In addition to considering genetic diversity and structure in selecting a reference population, the effective population size should be considered [15]. Since the effective population size maintains the genetic diversity of the population and is related to adaptability, it is very important to increase genetic diversity and adaptability for the purpose of breeding improvement [15].
In this study, we investigated the genetic diversity of 13 wild populations in Korea to ultimately select wild populations for improvement by increasing genetic diversity. In addition, we focused on selecting a reference population to increase genetic diversity by checking the effective population size and the presence of a bottleneck phenomenon and considering genetic diversity and effective population size. The genetic structure investigation between populations was conducted to check whether the genetic background was similar or whether there was a difference in differentiation, and the identified genetic differences were considered in selecting the reference population. The genetic diversity and genetic structure investigation from the wild population of C. gigas in Korea can be used as basic data for improving varieties in Pacific oysters.

2. Materials and Methods

2.1. DNA Extraction and Sampling

C. gigas serves as an inland fishery resource for both commercial fishing and aquaculture in Korea and is exempt from animal ethics approval, classified under a minimal suffering level of A. For this study, samples were collected from thirteen wild populations of C. gigas, with specific locations and their latitudes and longitudes shown in Figure 1 and Table 1. Sampling took place in 2024, and mantle tissue from each Pacific oyster was collected and preserved in 99% ethanol. Genomic DNA (gDNA) was then extracted using the DNeasy Blood & Tissue Kit (QIAGEN, Hilden, Germany) following the manufacturer’s protocol.

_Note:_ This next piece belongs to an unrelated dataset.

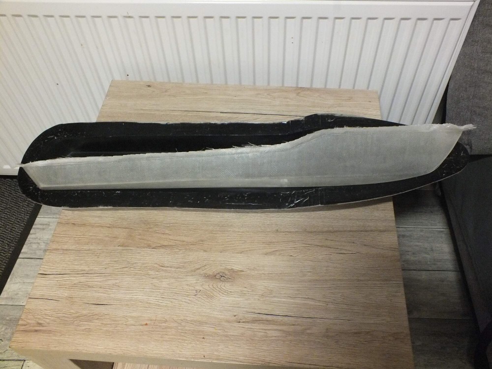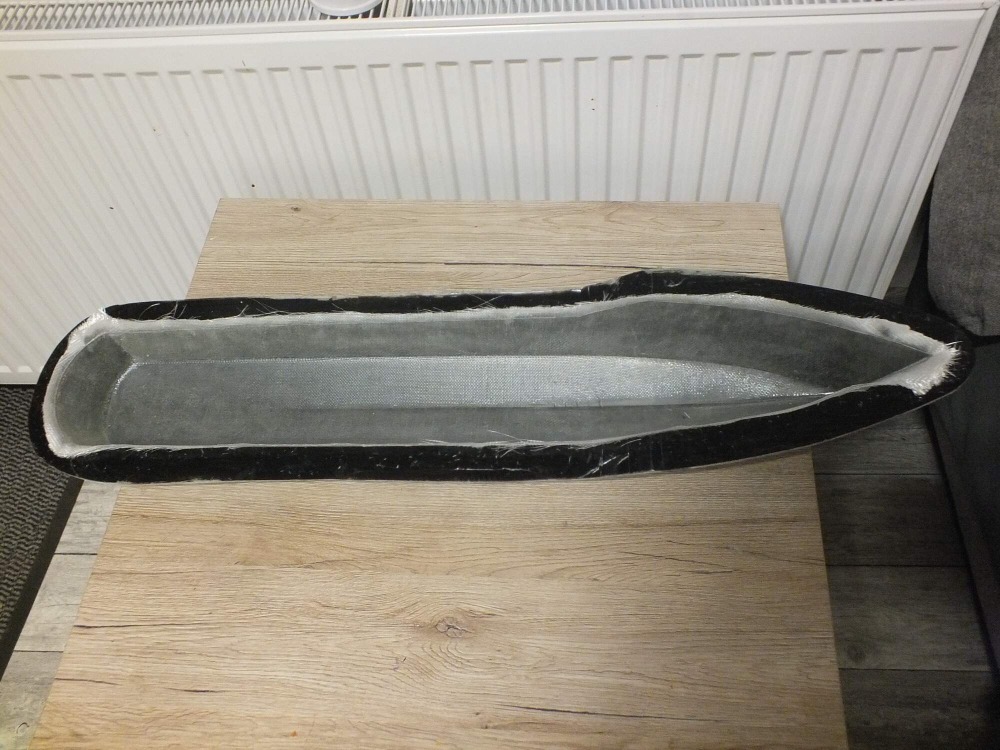 Před výrobou trupu natřu formu PVA, než zaschne, nařežu si skelné tkaniny 1 ks 50g, 1 ks 80g a 2 ks 160g. Nejdřív laminuji 50g, pak 80g a nakonec 160g. Strhovací tkaninu na žádost Zdeňka jsem nedával ani nevakuoval. Po 3 dnech jsem trup vyndal, šlo to velice snadno, tak i druhý trup. Kvalita, tuhost a váha trupu rozumná, nakonec o tom po dodávce trupů svědčilo i nadšení ve znojemské loděnici.

The extracted genomic DNA was diluted to a concentration of 50 ng/μL and stored at −20 °C to prepare for microsatellite loci amplification.

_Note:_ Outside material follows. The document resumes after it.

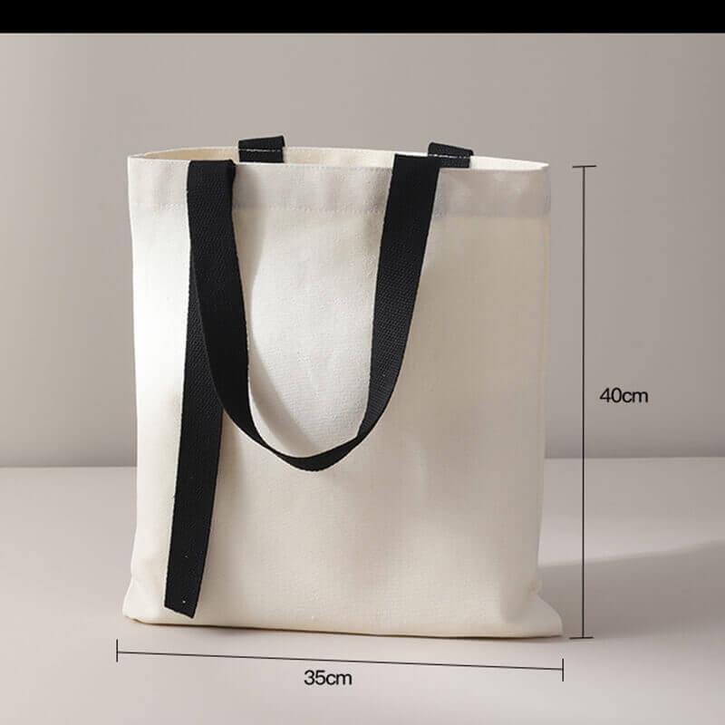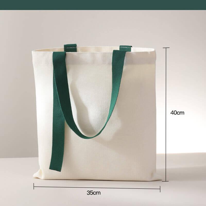 กระเป๋าผ้าสกรีนโลโก้ บริษัท แถบสีดำ แดง เขียว น้ำเงิน แนวตั้ง

2.2. Microsatellite Loci Genotyping Analysis

Fifteen microsatellite loci, previously developed in past studies (CG4, CG11, CG18, CG18N, CG22-2, CG22-5, CG22-7, CG22-17, CG22-32, CG22-59, CG22-67, CG23N, CG36, ucdCg109, and ucdCg175), were selected for PCR analysis, which was performed using the Applied Biosystems™ ProFlex™ PCR System (Thermo Fisher Scientific, Foster City, CA, USA) [16,17]. The PCR reaction mix contained 50 ng of genomic DNA, 0.5 units of AccuPower® PCR PreMix (Bioneer, Daejeon, Republic of Korea), 0.5 μM of a fluorescent dye-labeled forward primer (FAM, HEX, TAMRA, and ATTO565), and 0.5 μM of a reverse primer. The PCR cycling conditions included an initial denaturation at 95 °C for 5 min, followed by 35 cycles of 95 °C for 20 s, 60 °C for 20 s, and 72 °C for 20 s. A final extension step was held at 72 °C for 10 min, then maintained at 8 °C. To confirm the presence and size of amplified fragments, each PCR product was electrophoresed on a 2% agarose gel. For allele sizing, PCR products were prepared with GeneScan™ 500 ROX size standard (Thermo Fisher Scientific) and HiDi™ formamide, then denatured at 95 °C for 2 min, followed by cooling at 4 °C. The allele sizes were measured using an Applied Biosystems™ ABI 3730xl DNA Analyzer (Thermo Fisher Scientific), and genotyping was conducted using GeneMapper software (version 5) [18].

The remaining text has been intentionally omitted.